1. A switch, comprising:

a) a switching fluid;

b) a substrate having a plurality of signal conductors formed thereon, at least some of which are in contact with the switching fluid;

c) a lid, covering the switching fluid and having a perimeter that intersects at least some of the signal conductors; and

d) a thickfilm dielectric printed on the substrate below the perimeter of the lid; wherein the lid is mounted on the thickfilm dielectric.

2. The switch of claim 1, further comprising a conductive thickfilm printed on a top surface of the thickfilm dielectric, wherein the lid is electrically coupled to the conductive thickfilm.

3. The switch of claim 2, wherein the lid is soldered to the conductive thickfilm.

4. The switch of claim 2, wherein the lid is attached to the conductive thickfilm via a conductive adhesive.

5. The switch of claim 2, wherein the thickfilm dielectric is continuous about the perimeter of the lid.

6. The switch of claim 1, wherein a top surface of the thickfilm dielectric is polished.

7. The switch of claim 1, wherein the lid is conductive.

8. The switch of claim 1, wherein the lid is metallic.

9. A switch, comprising:

a) first and second mated substrates defining therebetween at least portions of a number of cavities;

b) a switching fluid, held within one or more of the cavities, that is movable between at least first and second switch states in response to forces that are applied to the switching fluid;

c) a plurality of signal conductors formed on the first substrate, extending from the one or more cavities holding the switching fluid;

d) a lid, attached to the first substrate and covering at least a portion of the second substrate; the lid having a perimeter that intersects at least some of the signal conductors; and

e) a thickfilm dielectric printed on the substrate below the perimeter of the lid; wherein the lid is mounted on the thickfilm dielectric.

10. The switch of claim 9, wherein:

a) the second substrate is a channel plate; and

b) the one or more cavities holding the switching fluid are at least partly defined by a bent switching fluid channel in the channel plate.

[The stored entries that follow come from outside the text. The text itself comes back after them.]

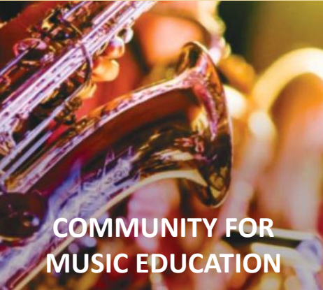
COMMUNITY FOR MUSIC EDUCATION
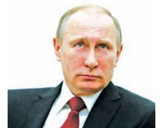
Russian President Vladimir Putin

The West and Kiev accuse Russia of supplying arms and soldiers to sup-
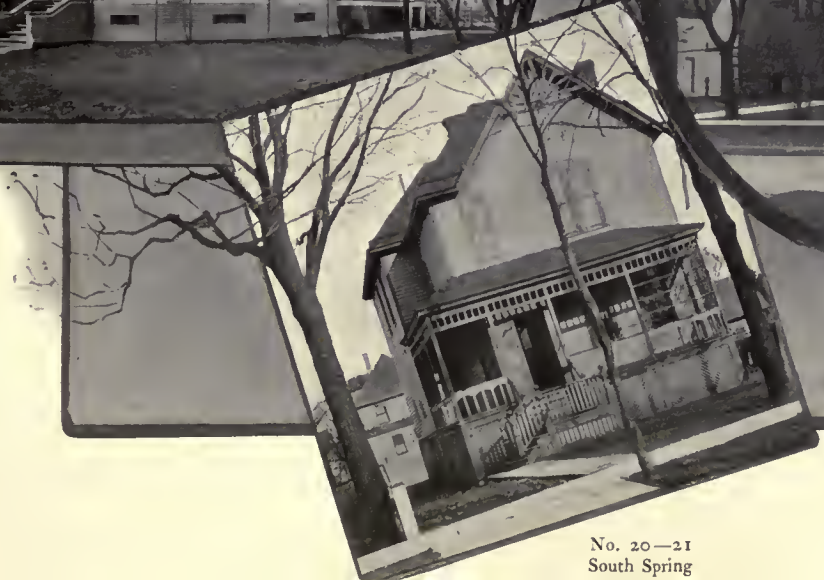
No. 20—21 South Spring
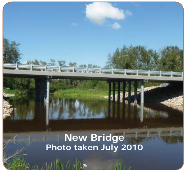
New Bridge Photo taken July 2010
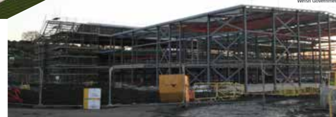
Progress at the Islwyn High School site.

Development of the impressive campus, which houses both Ysgol Gynradd Gymraeg Caerfilli and part of Ysgol Gyfun Cwm Rhymni, will enter its the final phase shortly, with the construction of a new 3G artificial sports pitch and multi-use games area on the site. These ambitious projects are part of the 21st Century Schools programme, led across Wales by the Welsh Government and have been made possible thanks to match funding from the Welsh Government.
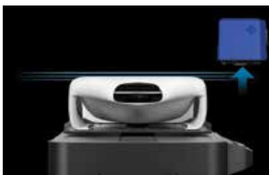
Rapid loading with tool-less macro and auto fine height adjustment
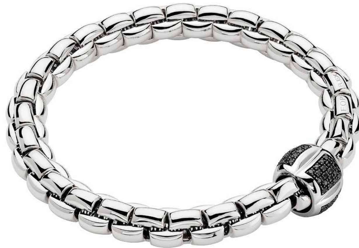
602B PAVEN | CT. 0,55

Flexible bracelet entirely made of 18 carat gold with gold rondel and black diamond pavé.
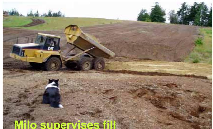
Milo supervises fill
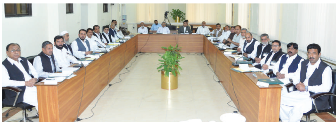
Learning Is A Treasure: DG addressing Superintendents of Sessions Courts in the inaugural ceremony.

Twenty-four Superintendents of Sessions Courts from all over Pakistan, Azad Jammu and Kashmir and Gilgit-Baltistan benefited from this weeklong training at the Academy.
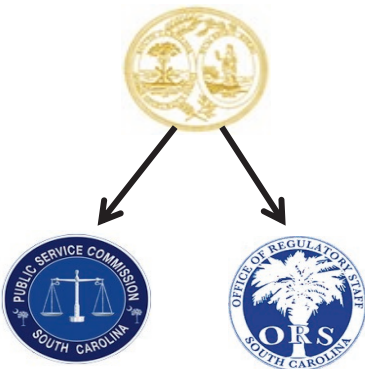
Act 175 created the Public Utilities Review Committee, who oversees the PSC and ORS.
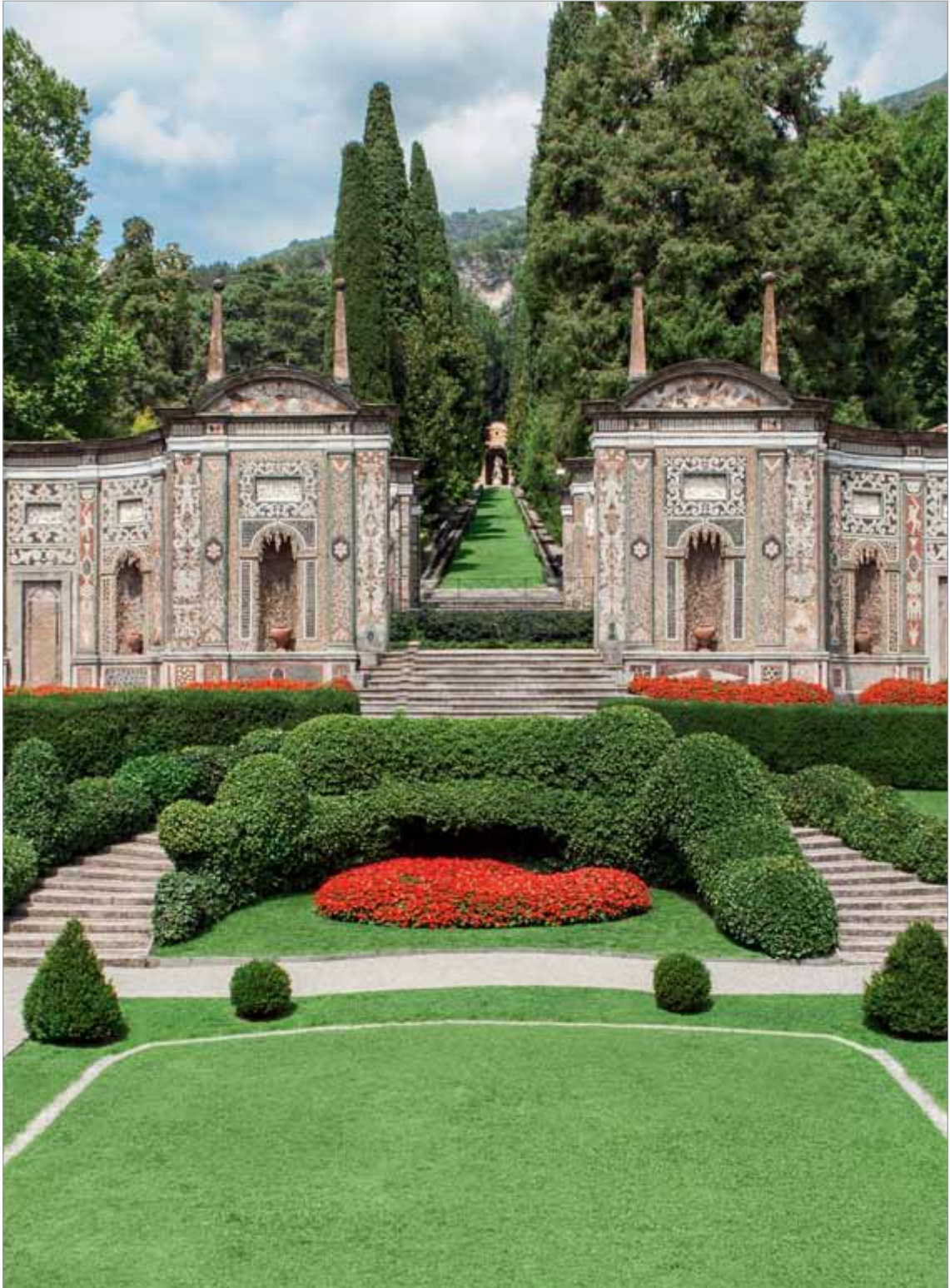
The Mosaic at Villa d'Este, an Italian national monument.
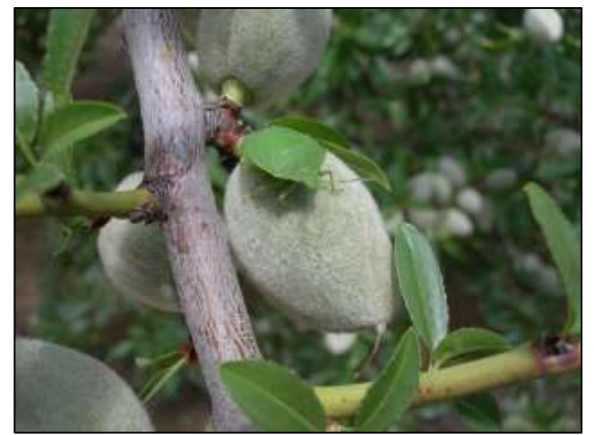
Photo 4. Adult green stink bug on almond.
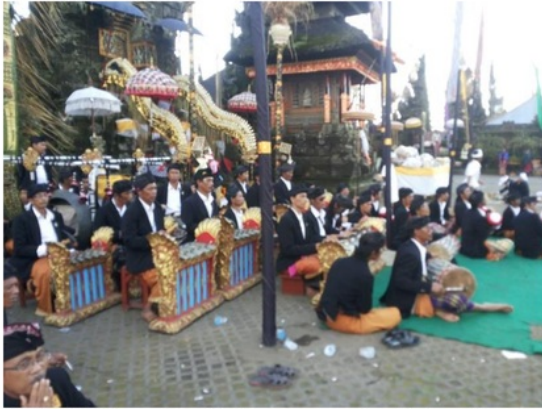
Foto 3. Gamelan Babonangan in Batur village 2016.
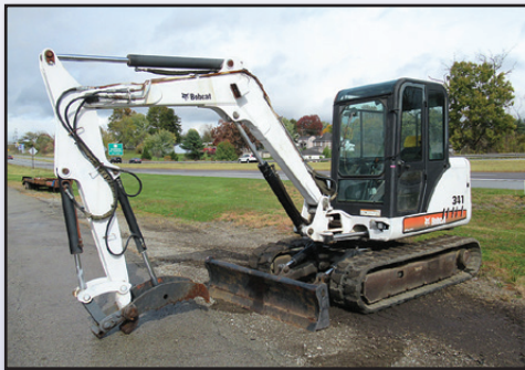
'02 BOBCAT 341D

2002 BOBCAT Model 341D Mini Excavator , s/n 233211972, powered by Kubota diesel engine and hydraulic drive, equipped with 70" dipper stick, 24" digging bucket, swing boom, auxiliary hydraulics, 76" backfill blade, enclosed ROPS cab, and 15.5" rubber tracks. In good condition with fair to good tracks.
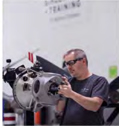
Mission & Maintenance Training
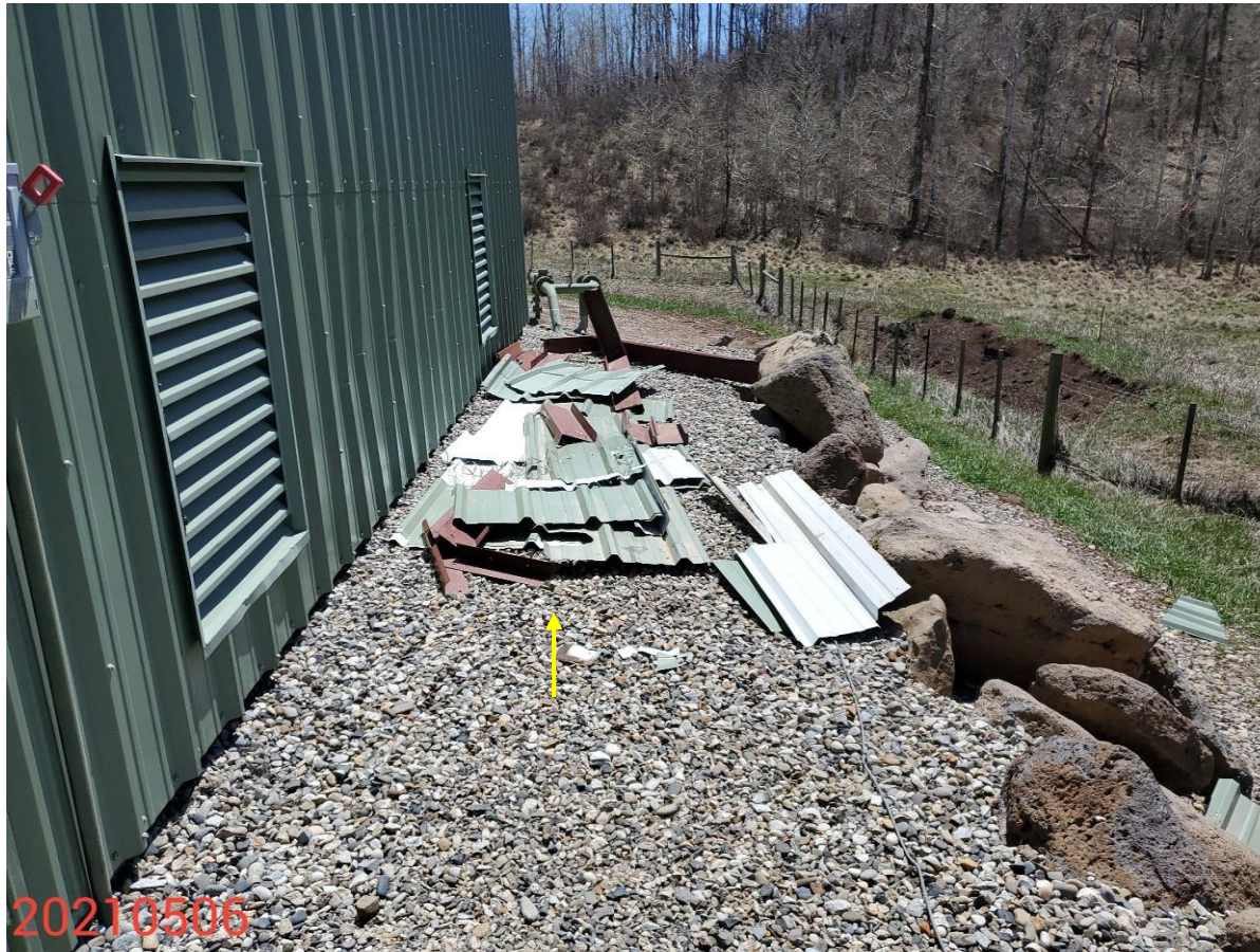
Photo 11: Photo taken from the southern area of the production area. Photo shows various unused equipment, trash or debris observed on the Location. Remove unused equipment, trash and debris in accordance with Rule 606.
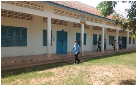
Thlok Secondary School already has one building, which is in good condition
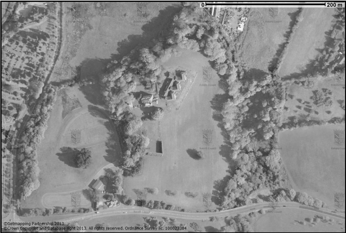
Note: The larger building has been demolished since this aerial photograph was taken

Weedingshall is currently used for the Educational Assessment Unit which teaches secondary age pupils with behavioural and emotional difficulties. This unit is being merged with the Falkirk Day Unit in Camelon and Weedingshall is no longer required for this purpose.
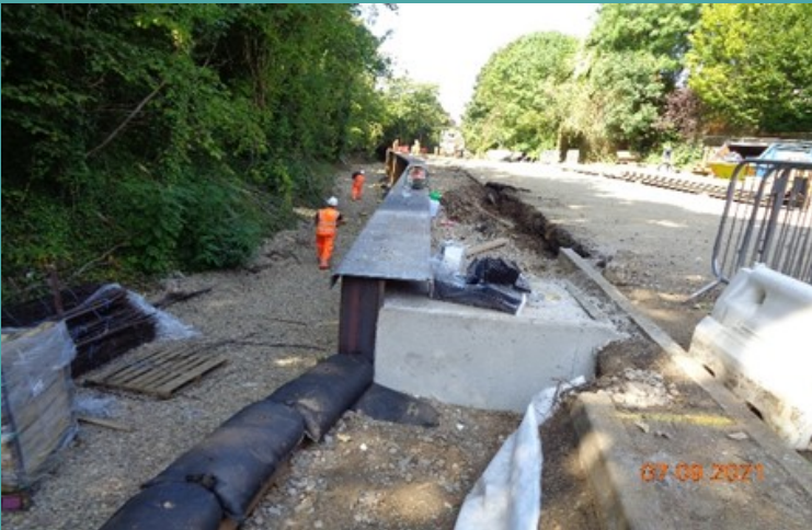
Placing the capping beam to the top of northern wall
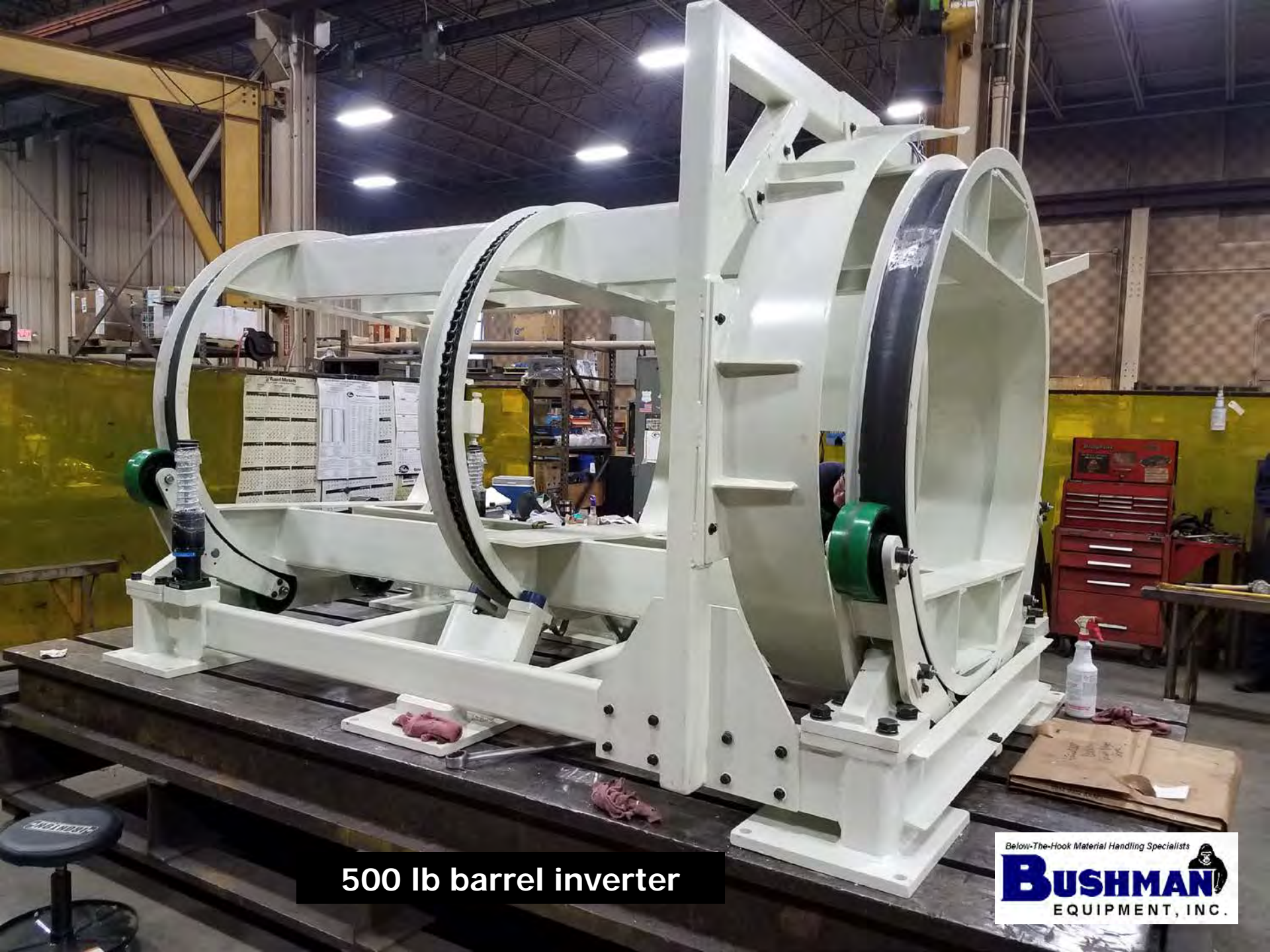
500 lb barrel inverter
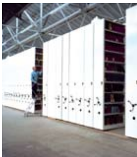
■ ARCHIVE STORAGE
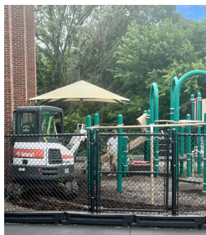
St. Dominic playground update
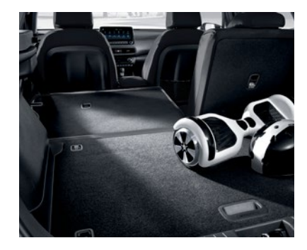
Standard 60/40 split-fold rear seats
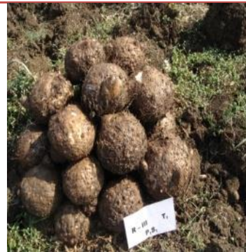
Yield from control sett

11. The switch of claim 10, wherein:

a) one of the signal conductors presents within the cavity defined by the bent switching fluid channel, at the bend; and

b) different ones of the signal conductors present within the cavity defined by the bent switching fluid channel, on either side of the bend.

12. The switch of claim 9, further comprising a conductive thickfilm printed on a top surface of the thickfilm dielectric, wherein the lid is electrically coupled to the conductive thickfilm.

13. The switch of claim 12, wherein the lid is soldered to the conductive thickfilm.

14. The switch of claim 12, wherein the lid is attached to the conductive thickfilm via a conductive adhesive.

15. The switch of claim 12, wherein the thickfilm dielectric is continuous about the perimeter of the lid.

16. The switch of claim 9, wherein a top surface of the thickfilm dielectric is polished.

17. The switch of claim 9, wherein the lid is conductive.

18. The switch of claim 9, wherein the lid is metallic.

19. A switch, comprising:

a) a switching element;

b) a substrate having a plurality of signal conductors formed thereon, at least some of which are in contact with said switching element;

c) a lid, covering the switching element and having a perimeter that intersects at least some of the signal conductors; and

d) a thickfilm dielectric printed on the substrate below the perimeter of the lid; wherein the lid is mounted on and heremetically sealed to the substrate via the thickfilm dielectric.

20. The switch of claim 19, further comprising a conductive adhesive between said lid and said thickfilm dielectric.